## DATA EXCERPT
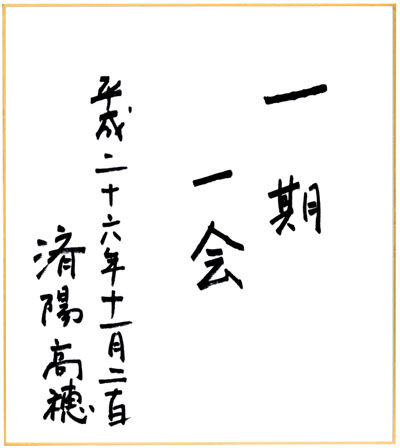 インタビューを終え、済陽院長に恒例の揮毫をお願いすると、「一期一会」と書いてくださった。「一期一会」とは茶道に由来する用語で、一生に一度の機会であるから大切にしなければならないという意味だ。人生は一度、一度の入院が二度とないように、済陽院長は患者のためにがんを根治したいと願うのである。
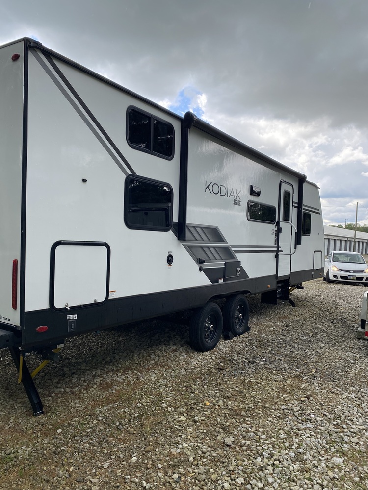 Only camped in 11 nights like new still has sticker on stovetop, comes with sway bars , ,hitch ,grill,and all hoses and things needed to camp
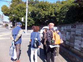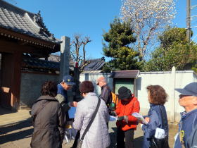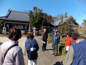 3月15日に大石ウオーキングクラブの4名の方に上平コースをご案内しました。北上尾駅前からガイドスタート、風が強かったものの元気に出発しました。
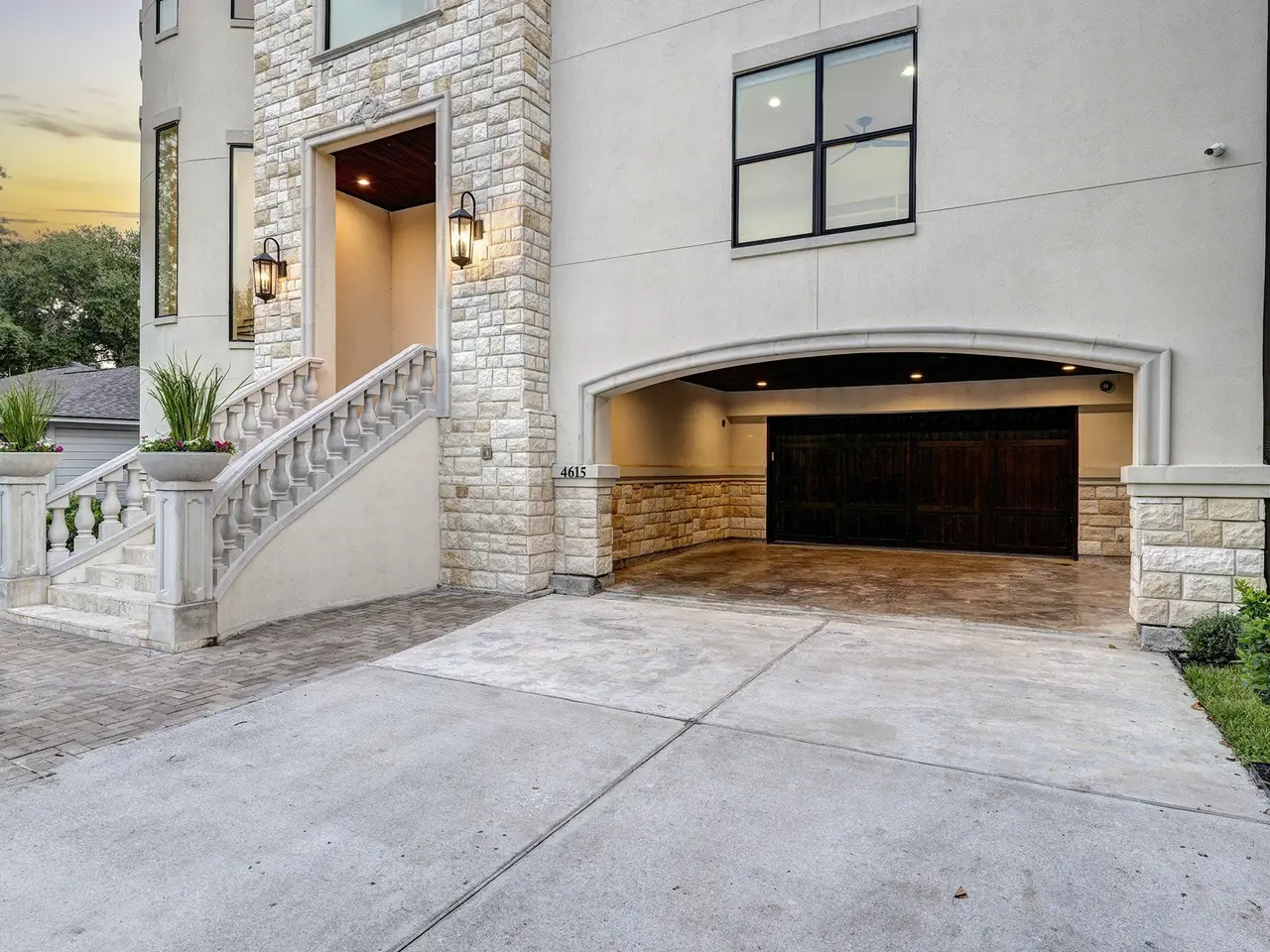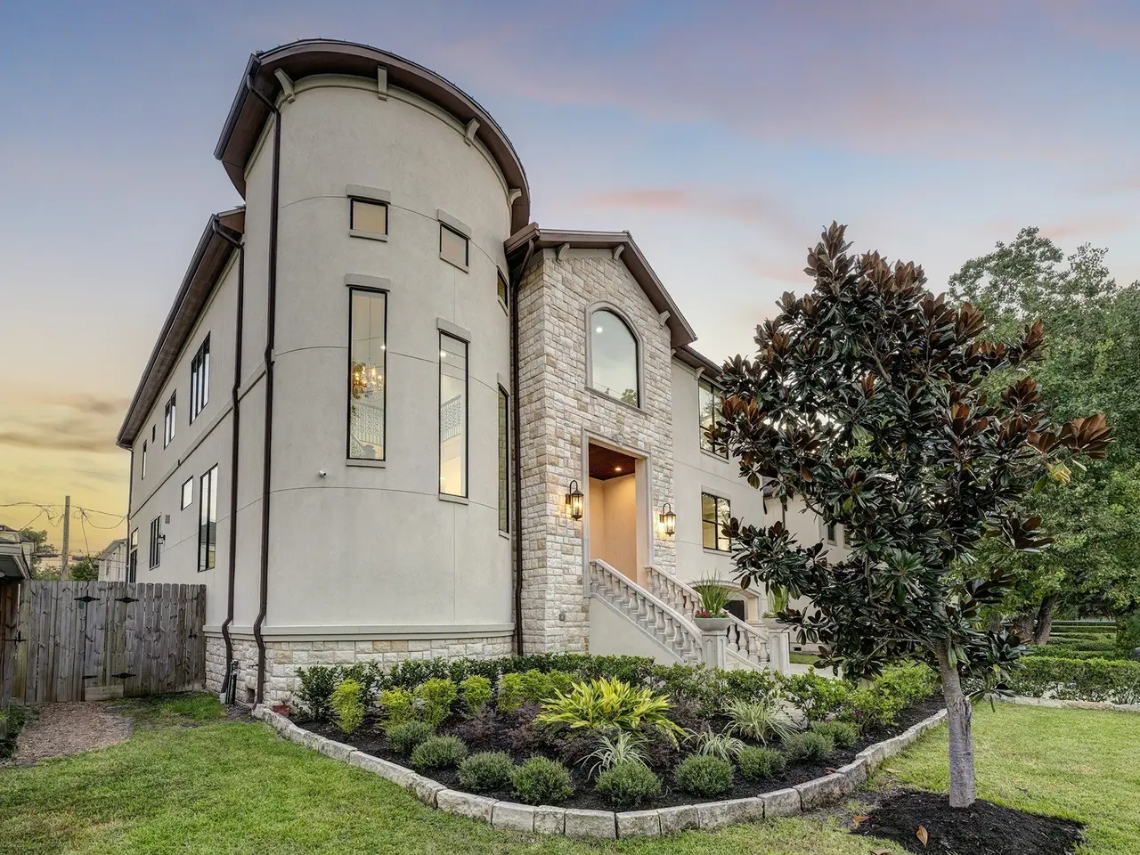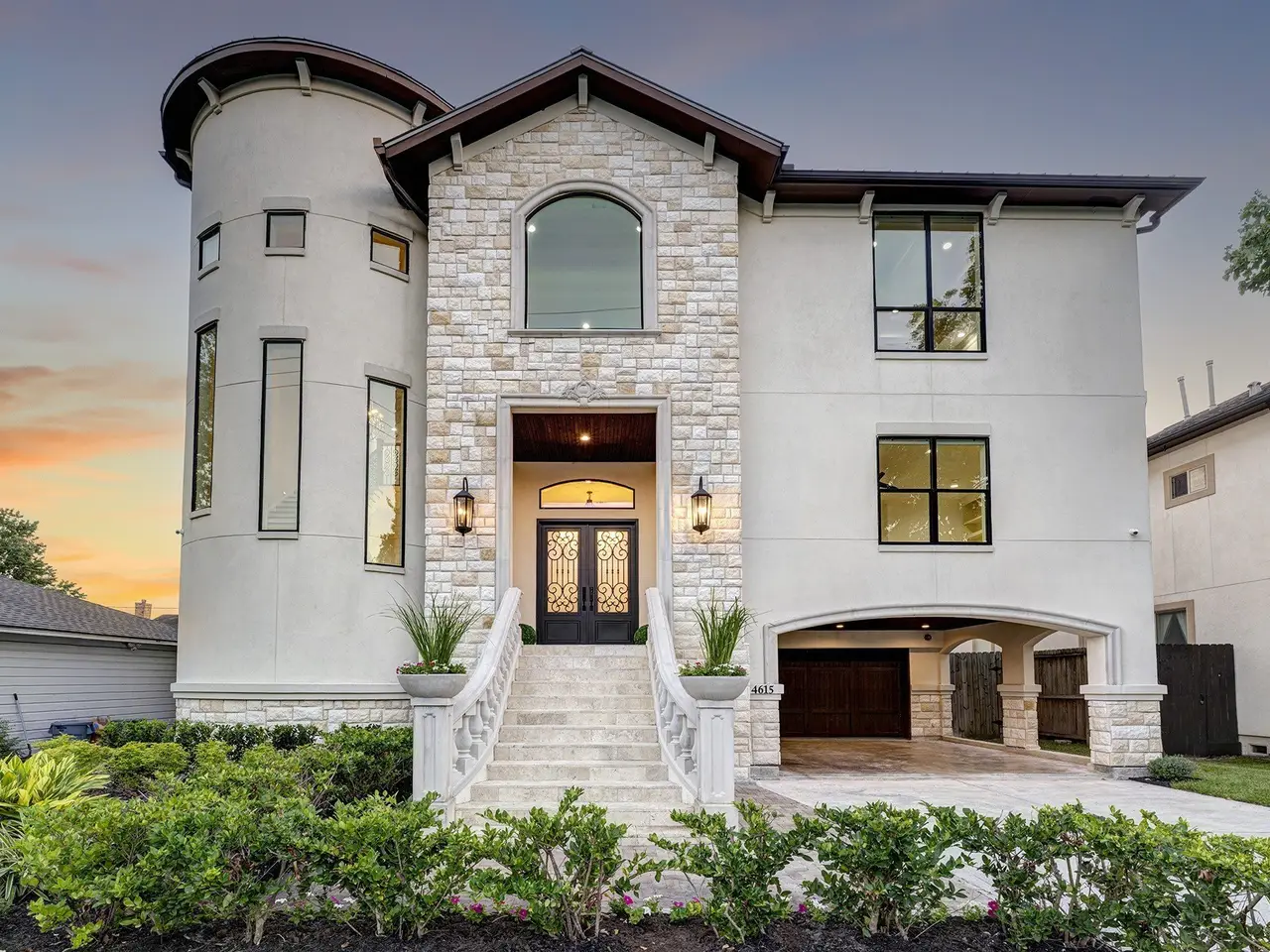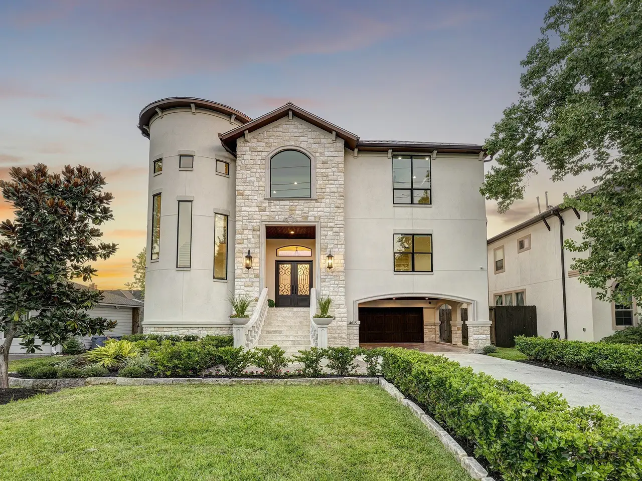Welcome to this architecturally inspired masterpiece in the heart of Bellaire. Completed in 2019, this stunning spacious home has 5 bedrooms and 6 ½ baths on a large beautifully landscaped lot inside the Loop. The stately elevated façade is composed of stucco, stone and cast stone. A porte-cochere leads to an oversized garage with an exceptional storage area. Inside, the grand foyer with piano alcove/sitting area has access to a guest suite, study and the sweeping staircase. The island kitchen boasts Viking appliances, quartz counters and adjacent breakfast room, and flows to the great room with fireplace, bar area and formal dining room. A covered porch with fireplace overlooks the lushly landscaped back yard. Upstairs find a spacious den/game room, elegant primary suite and 4 additional ensuite bedrooms plus third level flex room with bath. Solar panels, 2 utility rooms, water softener and elevator closets, all per Seller.

## WHAT THE TASK ASKS
Return the complete material above exactly, with no picture.

## RESULT BELOW
 インタビューを終え、済陽院長に恒例の揮毫をお願いすると、「一期一会」と書いてくださった。「一期一会」とは茶道に由来する用語で、一生に一度の機会であるから大切にしなければならないという意味だ。人生は一度、一度の入院が二度とないように、済陽院長は患者のためにがんを根治したいと願うのである。
 Only camped in 11 nights like new still has sticker on stovetop, comes with sway bars , ,hitch ,grill,and all hoses and things needed to camp
 3月15日に大石ウオーキングクラブの4名の方に上平コースをご案内しました。北上尾駅前からガイドスタート、風が強かったものの元気に出発しました。
Welcome to this architecturally inspired masterpiece in the heart of Bellaire. Completed in 2019, this stunning spacious home has 5 bedrooms and 6 ½ baths on a large beautifully landscaped lot inside the Loop. The stately elevated façade is composed of stucco, stone and cast stone. A porte-cochere leads to an oversized garage with an exceptional storage area. Inside, the grand foyer with piano alcove/sitting area has access to a guest suite, study and the sweeping staircase. The island kitchen boasts Viking appliances, quartz counters and adjacent breakfast room, and flows to the great room with fireplace, bar area and formal dining room. A covered porch with fireplace overlooks the lushly landscaped back yard. Upstairs find a spacious den/game room, elegant primary suite and 4 additional ensuite bedrooms plus third level flex room with bath. Solar panels, 2 utility rooms, water softener and elevator closets, all per Seller.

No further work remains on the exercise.